BHIN2vec: Balancing the Type of Relation in Heterogeneous Information Network
Seonghyeon Lee, Chanyoung Park, Hwanjo Yu

TL;DR
BHIN2vec introduces a novel method for heterogeneous network embedding that balances relation types by focusing on high-loss tasks during random walks, improving node classification and recommendation performance.
Contribution
It proposes a new random-walk strategy and loss splitting approach to address relation imbalance in heterogeneous network embedding.
Findings
Outperforms state-of-the-art methods in node classification.

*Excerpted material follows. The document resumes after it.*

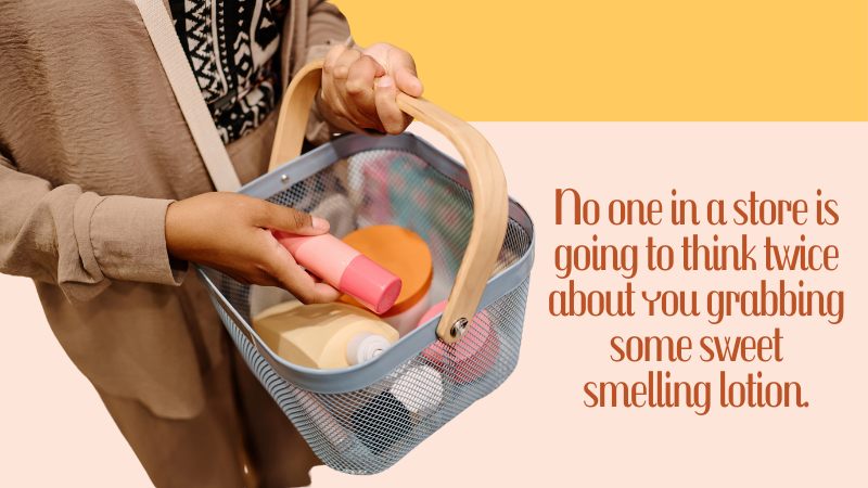 Again, no one in a store is going to think twice about you grabbing some sweet-smelling lotion. Trust me, sis, you’re worrying too much about how other people might see you. And if you feel a bit too shy to go out and get these things, then there are other ways. Online shopping is one, and then you can order all of this from the comfort and privacy of your own home.

Enhances recommendation accuracy.
Provides analysis of relation type representation in embeddings.
Abstract
The goal of network embedding is to transform nodes in a network to a low-dimensional embedding vectors. Recently, heterogeneous network has shown to be effective in representing diverse information in data. However, heterogeneous network embedding suffers from the imbalance issue, i.e. the size of relation types (or the number of edges in the network regarding the type) is imbalanced. In this paper, we devise a new heterogeneous network embedding method, called BHIN2vec, which considers the balance among all relation types in a network. We view the heterogeneous network embedding as simultaneously solving multiple tasks in which each task corresponds to each relation type in a network. After splitting the skip-gram loss into multiple losses corresponding to different tasks, we propose a novel random-walk strategy to focus on the tasks with high loss values by considering the relative…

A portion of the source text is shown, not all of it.